When Junk Food Logos Are Replaced With Calorie Counts, Even Nutella Looks Unappealing

Impact

Consumers usually have to physically turn over a product to examine the nutrition facts that hide on the back of its packaging. 

But one Instagram account called @caloriebrands is flipping the script when it comes to junk food packaging. 

The masterminds behind this account are Alessia Mordini and Rodrigo Domínguez, two advertising students at the Miami Ad School Madrid. The duo replaced brand logos with calorie counts in realistic recreations of food packaging. They manage the account in their spare time. 

"Every nutrition fact in products gives the information in the little space behind the pack and it doesn't reveal the exact amount of the full product," they wrote in an email. "We though it would be interesting for the people to see how products would look like if the calories of the whole snack were shown as a logo."

Some more of the foods packing the highest number of calories per package are shown in the Instagrams below:

Would prominent calorie counts make any difference for the average American's diet? 

Research on calorie labeling in restaurants suggests that consumers don't make different choices even when they're face-to-face with the cold, hard numbers. A study from NYU Langone Medical Center found that New Yorkers haven't consumed fewer calories since the city ordered chain restaurants to display calorie counts on menus. 
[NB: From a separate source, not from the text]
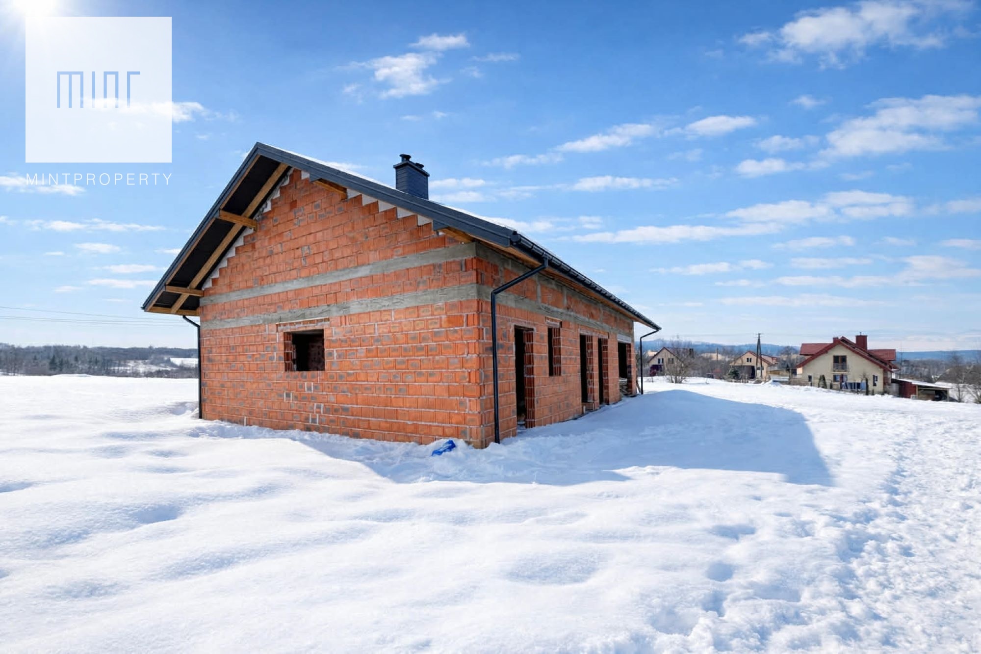 Biuro Nieruchomości Mint Property przedstawia na sprzedaż budynek mieszkalny w stanie surowym otwartym o powierzchni użytkowej 99,34 mkw położony na 7 arowej działce w Stobiernej.
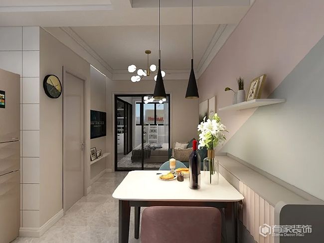簡單來說,不再具體劃分客廳和餐廳??蛷d與餐廳一體式設(shè)計,也讓整個空間更加寬敞大方。對于小戶型餐廳的設(shè)計問題,小餐桌也是一個不錯選擇。小餐廳配小餐桌,空間設(shè)計更合理。很多時候,餐廳空間之所以顯擁擠,就是餐桌買大了。值得一提的是,餐廳空間不是很大時,建議取消餐邊柜,用來優(yōu)化用餐空間與動線。畢竟,即便是定制餐邊柜,也會占據(jù)一定空間。除了以上幾種方案之外,餐桌靠墻擺放也是折中選擇。較之傳統(tǒng)居中擺放,無疑是節(jié)省空間。怕朋友來了不夠坐?試試將過道空間納入餐廳。人多了,把餐桌挪出來,臨時占用部分過道。

Even so, the illustrations from Mordini and Domínguez would probably give consumers pause. Because who wants to be reminded that they're wolfing down 1,200 calories the next time they're eating an entire pint of Ben & Jerry's? 

The Food and Drug Administration recently revealed a nutrition label overhaul, in which calories will be printed in a larger font but will remain on the back of the package.

Mordini and Domínguez said they plan to keep posting illustrations each day for as long as they can.